Poppycock, it turned out.

“Gambling”? We’re not even sure he plays cards.

Then, Nadal never was one for cutting corners or checking out early.

“I wake up every morning with the hope of practising and improving, hoping to play well another time,” he said recently.

If there was a turning point in Nadal’s life, in his career — one that helped keep him on the straight and narrow — it probably occurred in early 2000, when he was just 14 and living in the small coastal town of Manacor.

That’s when the Spanish Tennis Federation came a-calling, hoping to pry Nadal away from his family and place him in its tennis incubator in Barcelona.

His parents refused, preferring to let Nadal’s uncle Toni — a former pro tennis player — continue mentoring their son. Toni is still his coach today. Rafael? He still resides in Manacor.

It was Uncle Toni who taught the right-handed Nadal to play tennis left-handed — figuring it would give him an advantage.

Eight Grand Slams, 41 titles, $33 million US in tournament earnings and one Olympic gold medal later, Toni clearly was on to something.

While not as graceful as Roger Federer, or as overpowering with his serve as Novak Djokovic, his doubles partner at the Rogers Cup, which begins Monday in Toronto, his booming forehand and ruthless efficiency have made him practically unbeatable.

Except, when it comes to the U.S. Open.

He’s won the French Open five times, Wimbledon twice and the 2009 Australian Open. But Nadal has never advanced beyond the semifinals at Flushing Meadows.

This, however, is supposed to be his year. Spain’s year.

Days after winning Wimbledon, Nadal dashed off to South Africa in time to celebrate Spain’s victory over The Netherlands at soccer’s World Cup.

“I cried like a baby,” he said.

A month earlier, Spain’s Pau Gasol helped the Los Angeles Lakers win the NBA championship. More recently, Alberto Contador captured his third Tour de France while Formula One drive Fernando Alonso, another Spaniard, won July’s German Grand Prix.

“The guy is just an animal,” former tennis bad boy John McEnroe said recently, when asked about Nadal’s 2010 U.S. Open prospects. “He’s mentally and physically incredible and he can definitely do it if he’s in shape.

“But the conditions in New York don’t suit Nadal so well, and he needs his body to hold up.”
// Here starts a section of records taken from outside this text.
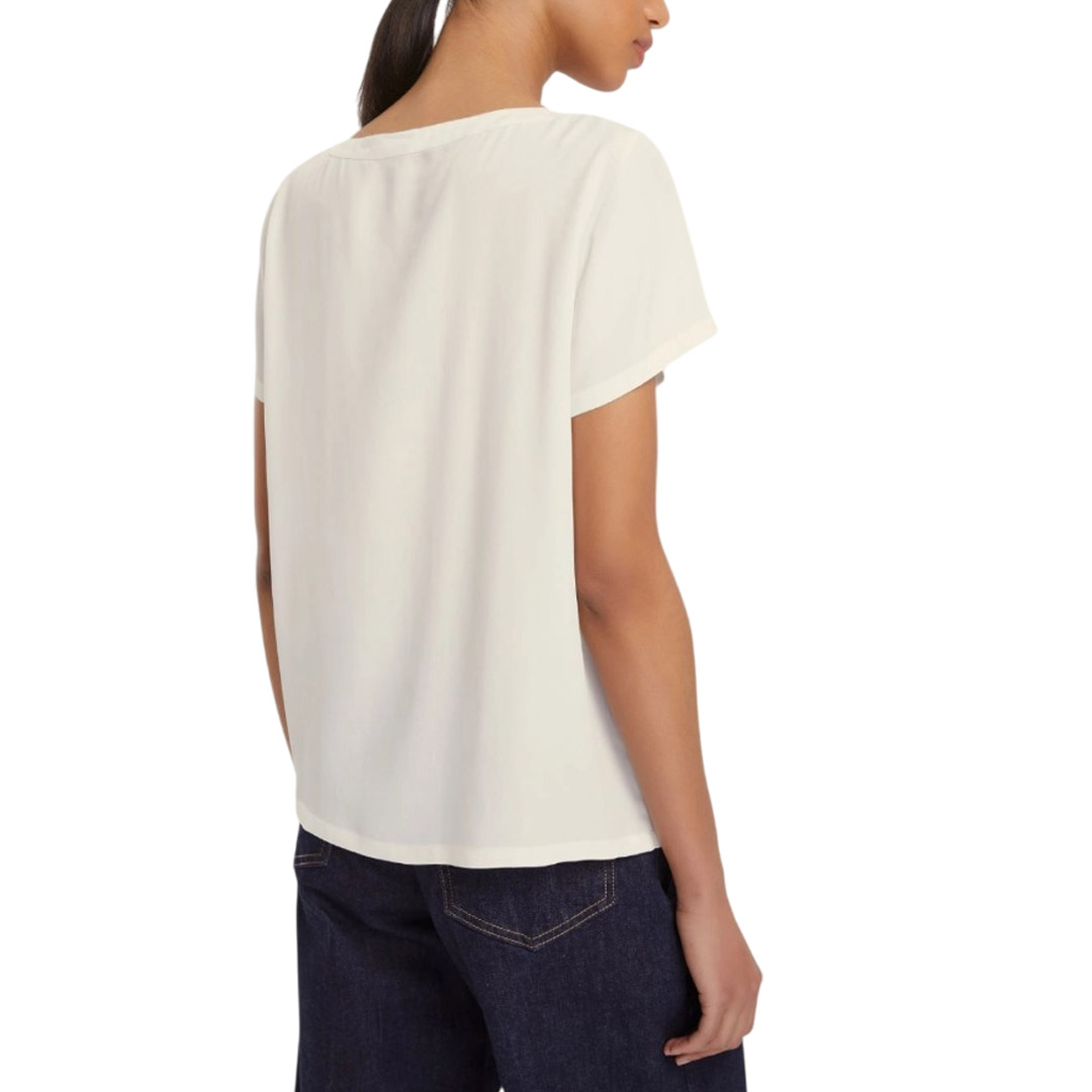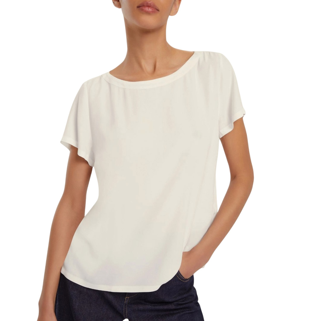 Linee semplici e una preziosa crêpe de Chine di misto seta trasformano questa blusa in un vero passe partout di stagione. Abbinala a blazer o pants sartoriali per un city look fresco, o ai denim preferiti per i momenti più conviviali. Blusa in crêpe de Chine di misto seta Fit dritto e morbido Scollo stondato Maniche corte
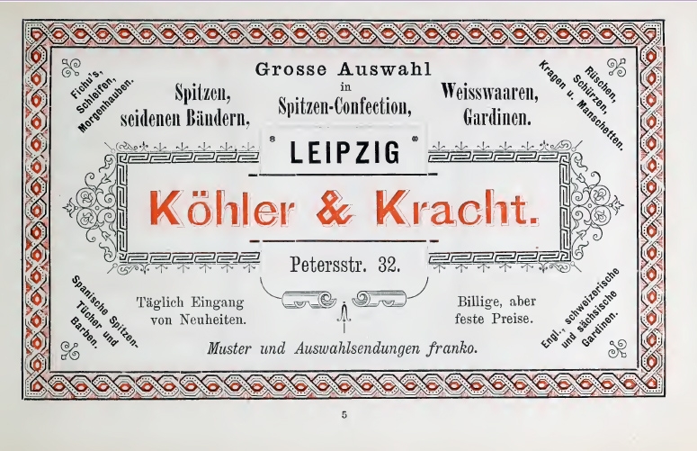 Reklame – Köhler & Kracht, Petersstrasse 32 (1884) Veröffentlicht am 21. November 2018 215teilen twittern merken teilen BewertungReklame – Köhler & Kracht, Petersstrasse 32 (1884)Grosse Auswahl an Spitzen-Confection, Weißwaren, Gardinen
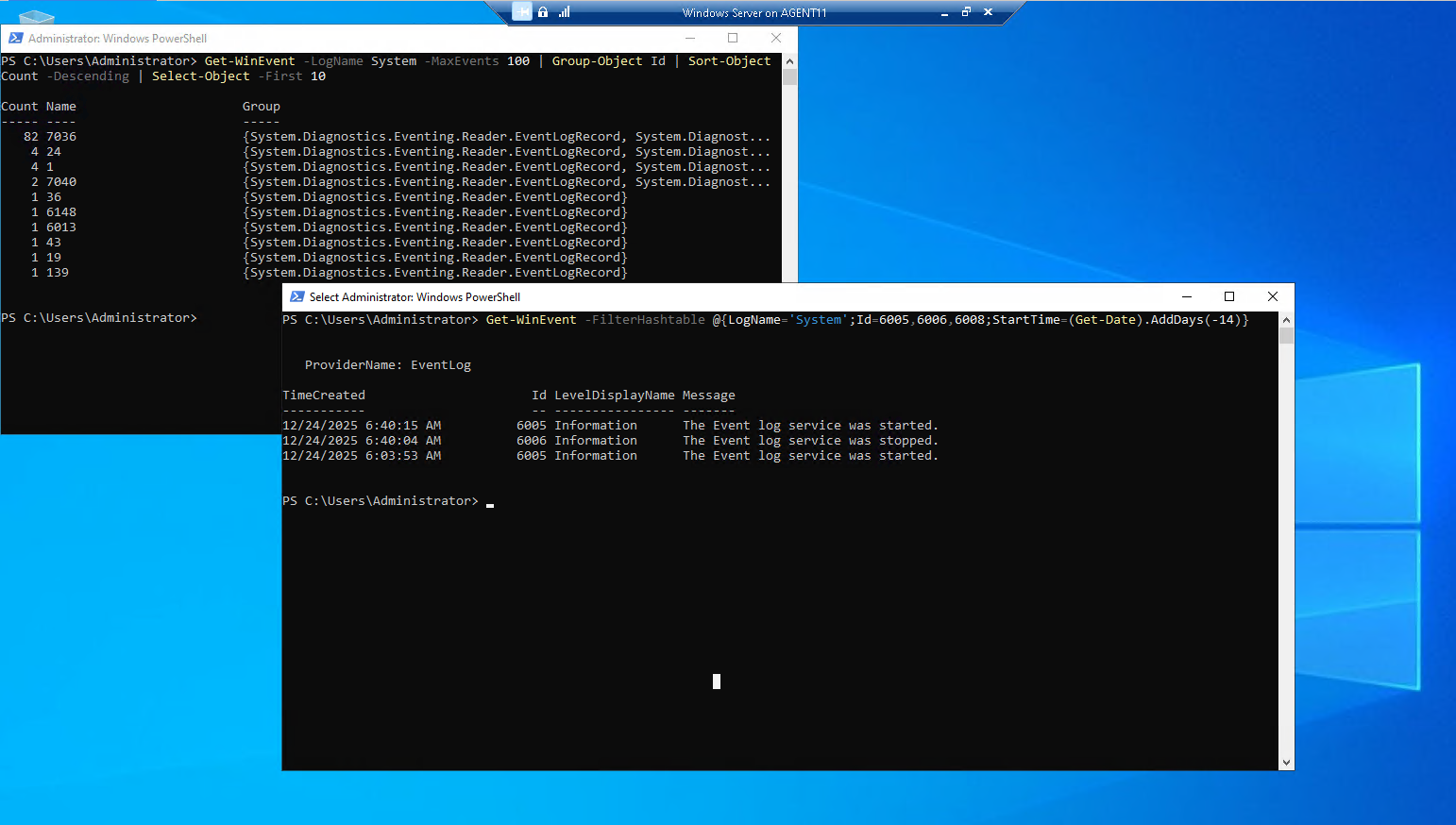 This lab demonstrates how to enumerate, query, filter, and export Windows Event Logs using PowerShell. A practice that can come in handy in scenarios where you're troubleshooting a server and GUI access is limited or unavailable, and you need to quickly evaluate something.
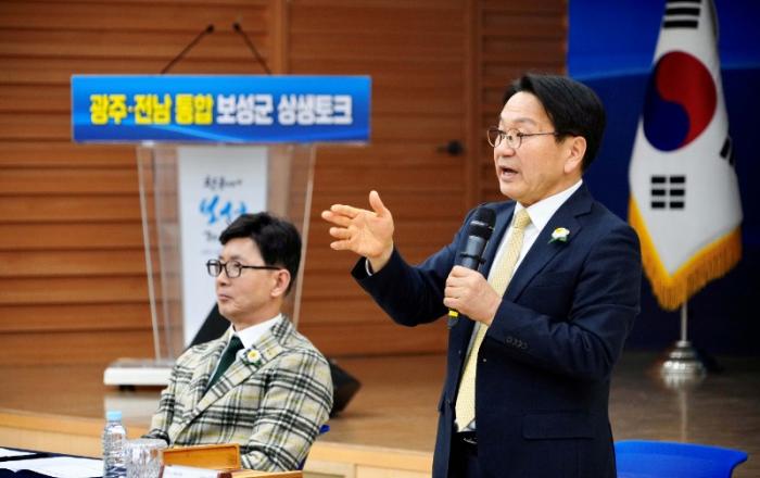 광주광역시(시장 강기정)는 9일 보성군청 대회의실에서 ‘광주·전남 통합 보성군 상생토크’를 개최하고, 통합 이후 보성 발전 방향을 군민들과 공유했다.이날 행사는 광주시가 전남 시·군민과 직접 소통하기 위해 마련한 통합특별시 상생토크다. 보성 상생토크에는 강기정 광주시장과 김철우 보성군수, 김경열 보성군의회 의장을 비롯해 보성군 관계자, 보...
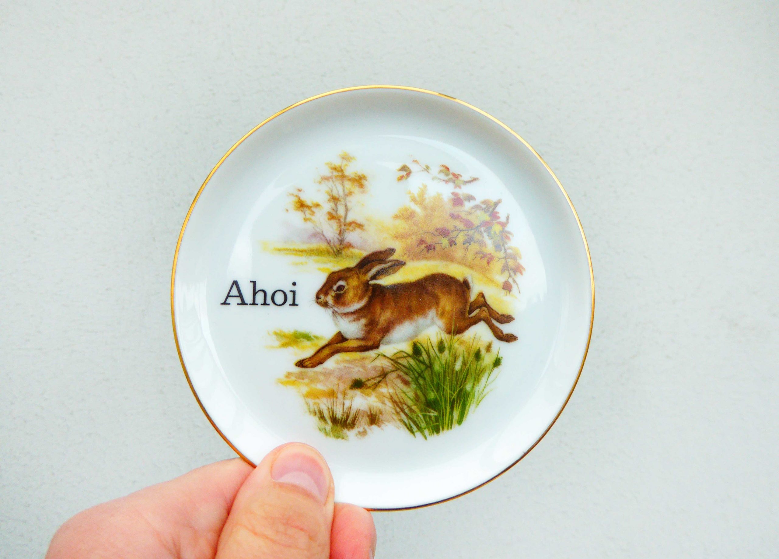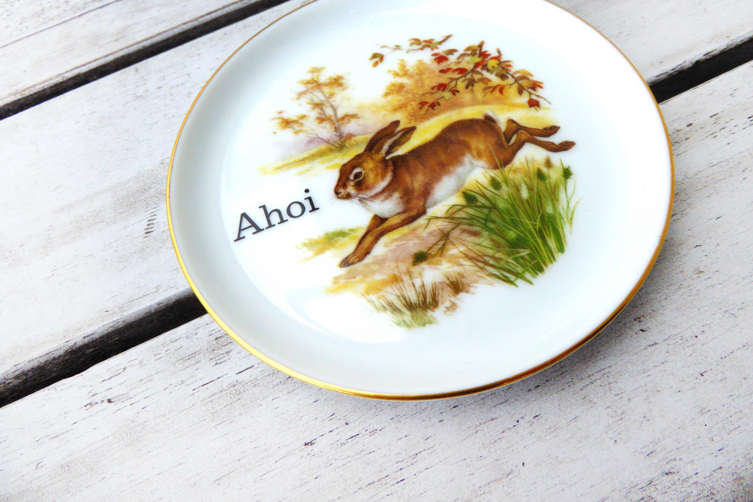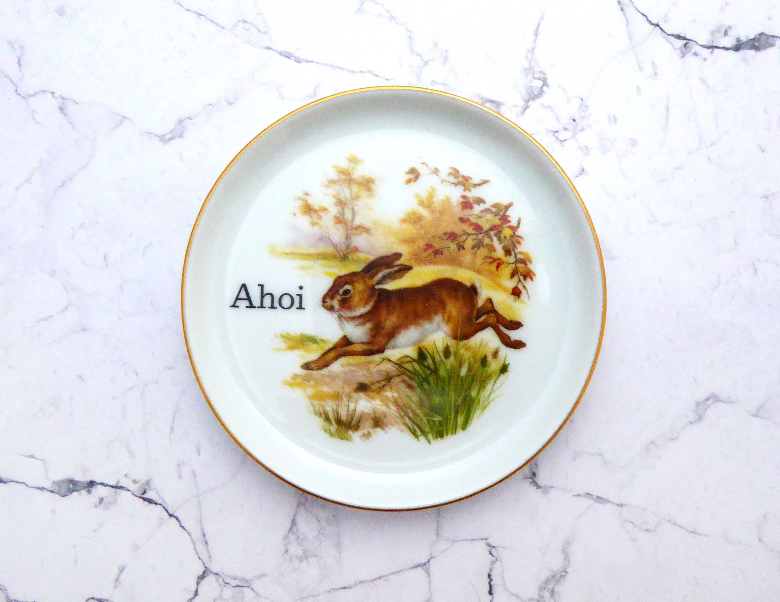 Jeder Wandteller wird handgefertigt. Dieser mini Wandteller hat ein schönes Hasen Decor und mit unserer Ahoi Typo kann er für alle Dekozwecke genutz werden.

Nadal’s health issues — he has tendinitis in both knees — are well-documented. Meanwhile, his most lethal weapon — the ridiculous amount of topspin he is able to create on the ball — is less effective on the low-bounce hard-courts of Flushing Meadows.

Several years ago, San Francisco tennis researcher John Yandell, using high-speed video cameras, calculated that a full-force Pete Sampras forehand resulted in the ball rotating 1,800 times per minute. Federer’s rockets spun 2,700 times.

But no one came close to Nadal’s 3,200 revolutions per minute, explaining why his forehands tend to bounce higher than his competitors’ shots on the clay of Roland Garras or the green lawns of Wimbledon.

Now, with the U.S. Open looming later this month, how Nadal performs, how his knees stand up in his two hardcourt warmups — the Rogers Cup and in Cincinnati the following week — will be a major, if not the storyline in both tournaments.

“For sure, the U.S. Open is going to be one of my goals for the rest of my career,” said Nadal, who won the Rogers Cup in 2005 and ’08.

But Nadal, who was front and centre at Friday’s Rogers Cup draw at Toronto’s CN Tower, insists the Open is not an issue at the moment.

Asked if he thought a strong showing on the hard courts at Toronto’s Rexall Centre would send a message to his U.S. Open rivals, the Spaniard could only chuckle.

“I don’t have nothing to send — not even a text message.”

“The U.S. Open isn’t for three weeks,” he continued. “If I win here (Toronto), it doesn’t mean I’m going to win the U.S. Open. If I lose here, it doesn’t mean I won’t have a chance to win the U.S. Open.”

Whether he triumphs at Flushing Meadows or not, Nadal believes he has already been blessed with victories at Wimbledon and Roland Garros in 2010.

Asked what he wishes for himself now, Nadal responded: “Nothing at all. I am more than happy with what’s happened this year. It’s more than I could dream.

“Now, I just want to stay healthy and continue to play well.”